Wellbridge smiled at Charlotte. "Keep him this age as long as you can, Lady Firthley. Seventeen-year-old boys are miserable beasts. I had promised to buy my nephew a curricle and team for his birthday, but his mother forbade it, which provoked the most appalling fit of temper. He called my sister names for which I might have killed any other man."

Charlotte nodded sagely, as though she had raised hundreds of young men. "Lord Firthley says if our son resembles him in temperament, Baby's adolescent years will be better served away at school, but I can't believe my sweet boy will cause me even a moment of wretchedness."

She pinched Alex's cheek and spoke to him in baby talk: "Mummy's boy doesn't want to go away to school, does he?"

Alex dragged his face away, yelling, "No touch Hare-din! No, Mama! No!" Wellbridge managed to keep from snorting, but Bella did not.

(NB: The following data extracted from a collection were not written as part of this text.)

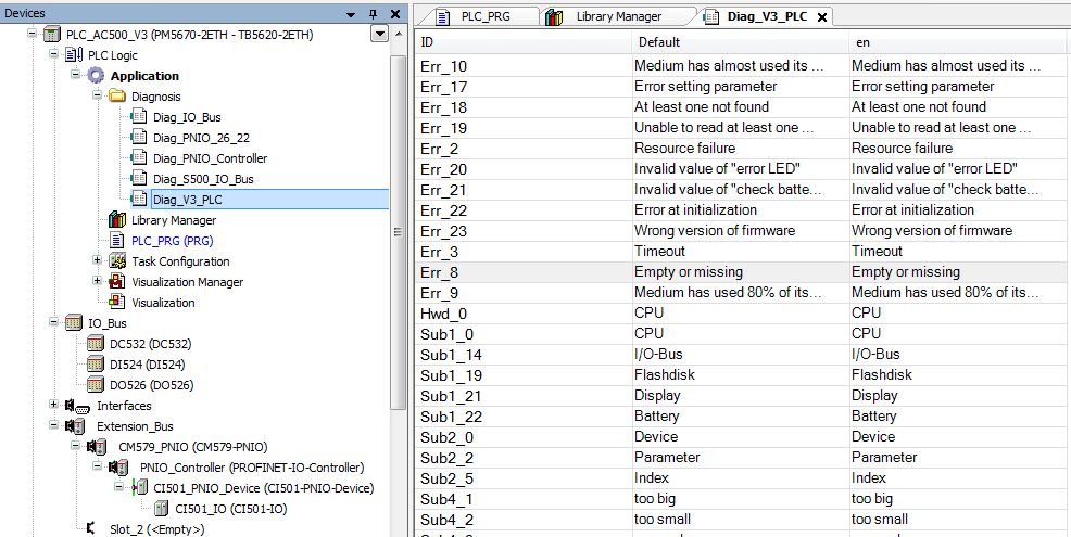 Per l'emissione di messaggi di diagnosi in formato testuale, Automation Builder e l'applicazione IEC utilizzano liste di testo. Entrambe le applicazioni utilizzano gli stessi elenchi di testo. Gli elenchi di testo fanno parte della descrizione del dispositivo. Quando si inserisce un nuovo dispositivo nell'albero dei dispositivi del progetto, viene caricato l'elenco di testo corrispondente. Questi elenchi di testo fanno parte del programma del PLC e verranno scaricati nel PLC.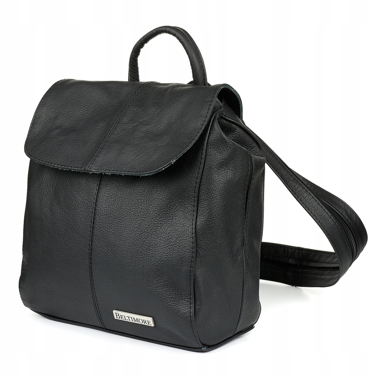 Solidny, skórzany, damski plecak, wyprodukowany w Polsce, ze skóry naturalnej Model NATALIA marki Beltimore®- w tej ofercie dostępny jest kolor czarny plecaka.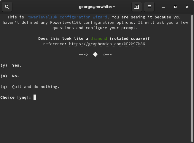 关闭终端。再次打开终端时,powerlevel10k 配置向导将询问你几个问题以正确配置提示符。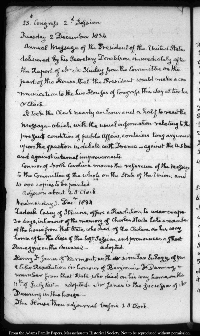 View full, authoritative transcriptions with page images of the diaries at John Quincy Adams Digital Diary part of the Primary Source Cooperative at the MHS.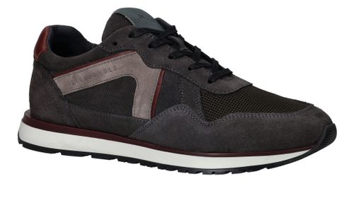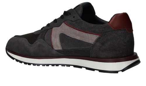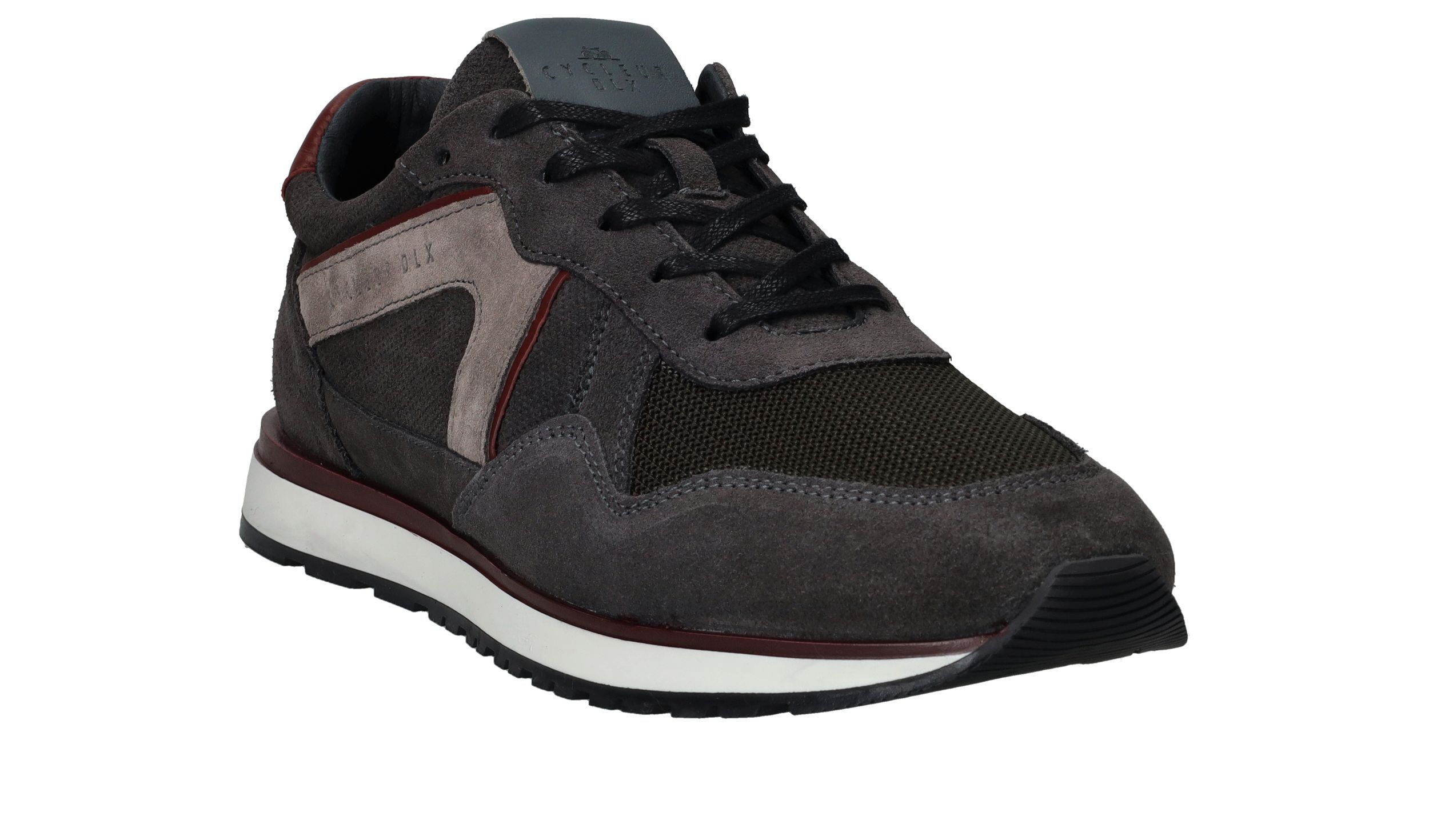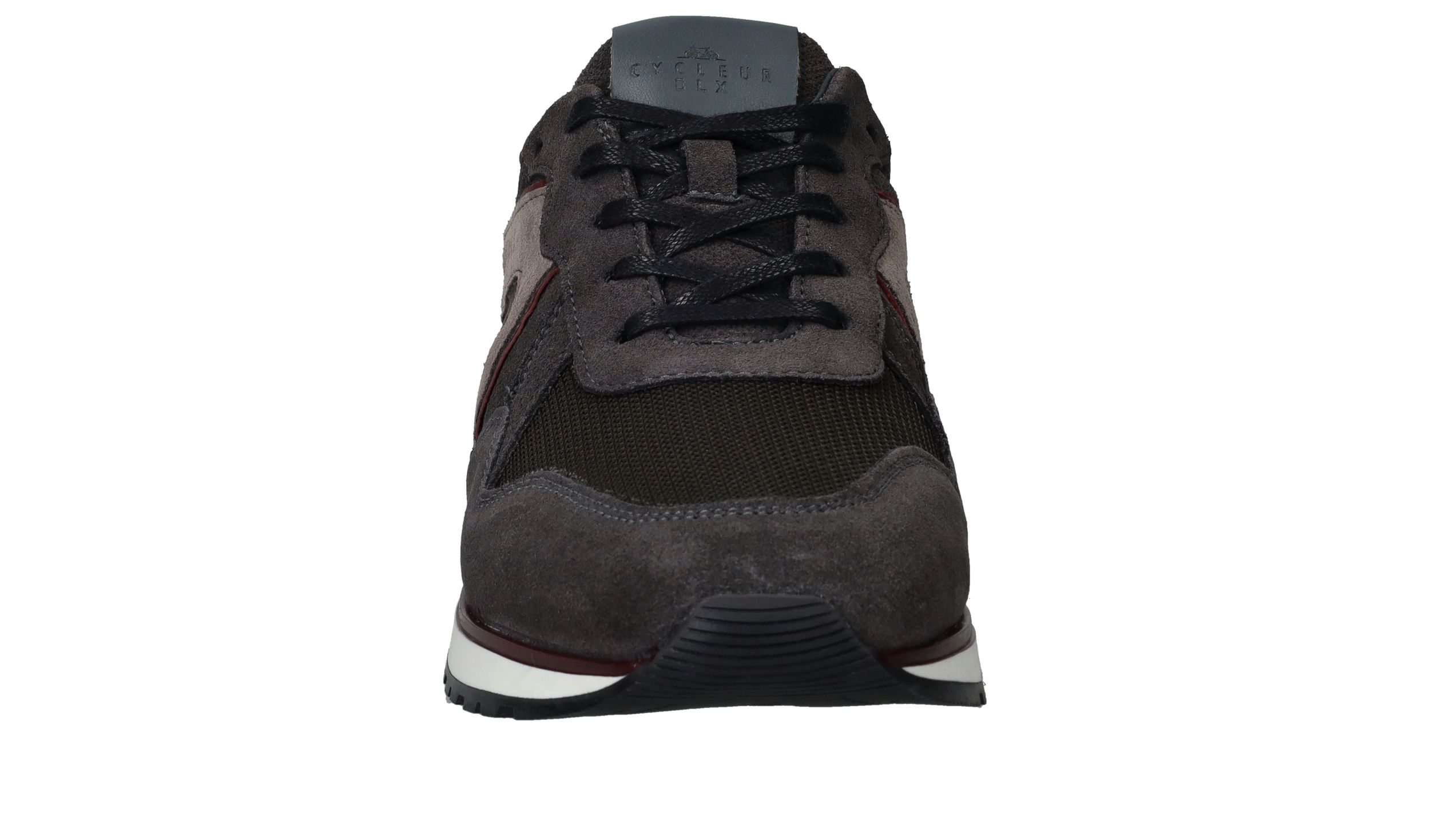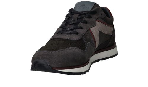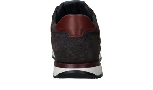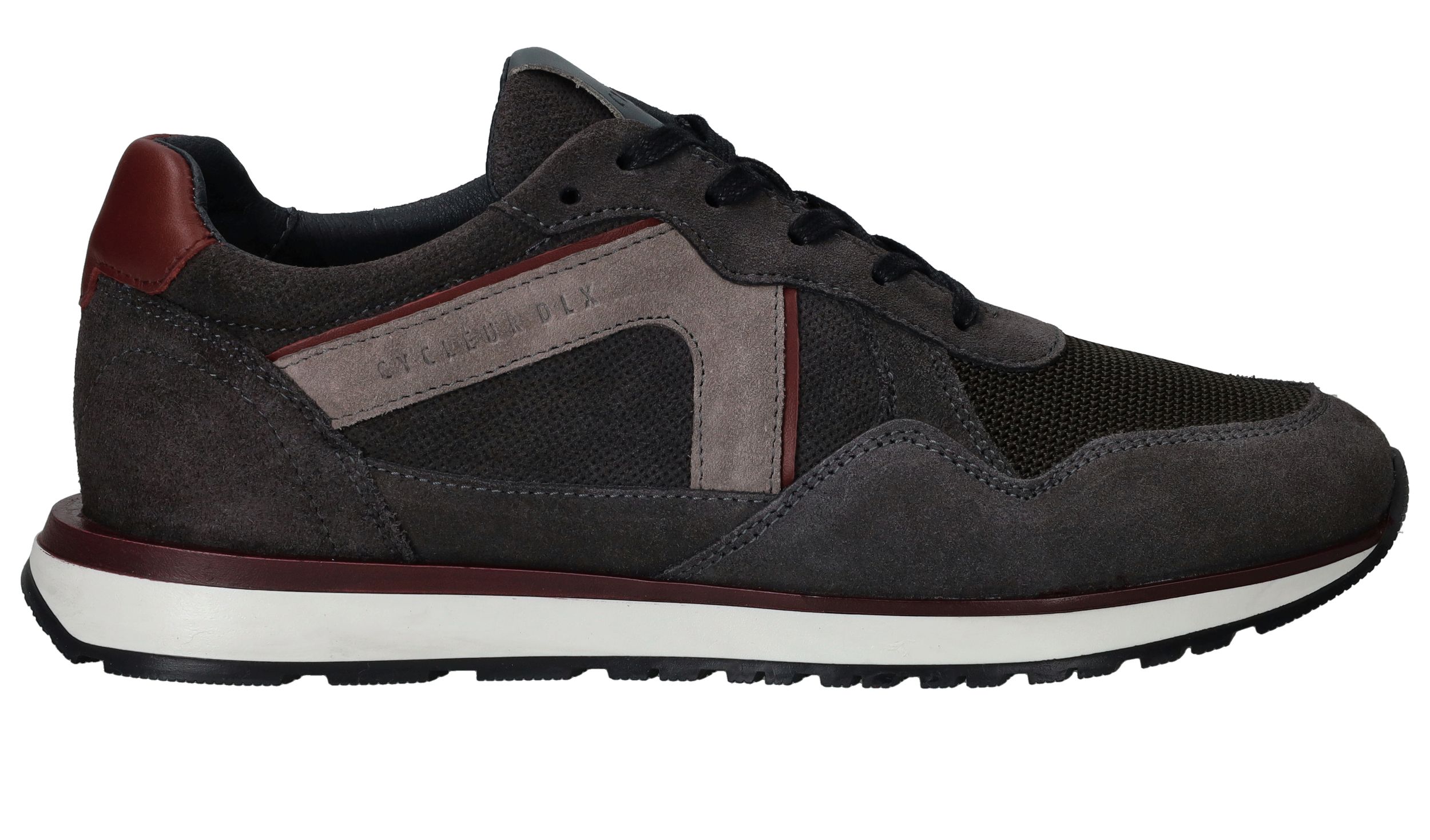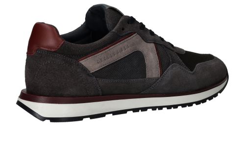 Sportieve Cycleur DLX Coffin sneaker voor heren in een warme grijze kleur. De sneaker is helemaal gemaakt van suède en de bordeauxrode accenten maken de schoen helemaal af.

"The point of boarding school, Charlotte," she said, caustically, "is that other people will manage his wretchedness, and you may take credit for manners someone else will enforce with a stick."

Wellbridge pursued a policy of appeasement. "I'm sure Herrendon will grow up a fine chap who adores his mother." Then he took the even wiser course of changing the topic. "Unruly though my nephew may be, it is his birthday, and he has achieved top marks in his examinations, so I must find a gift as excellent as a curricle, but which will not incur my sister's wrath."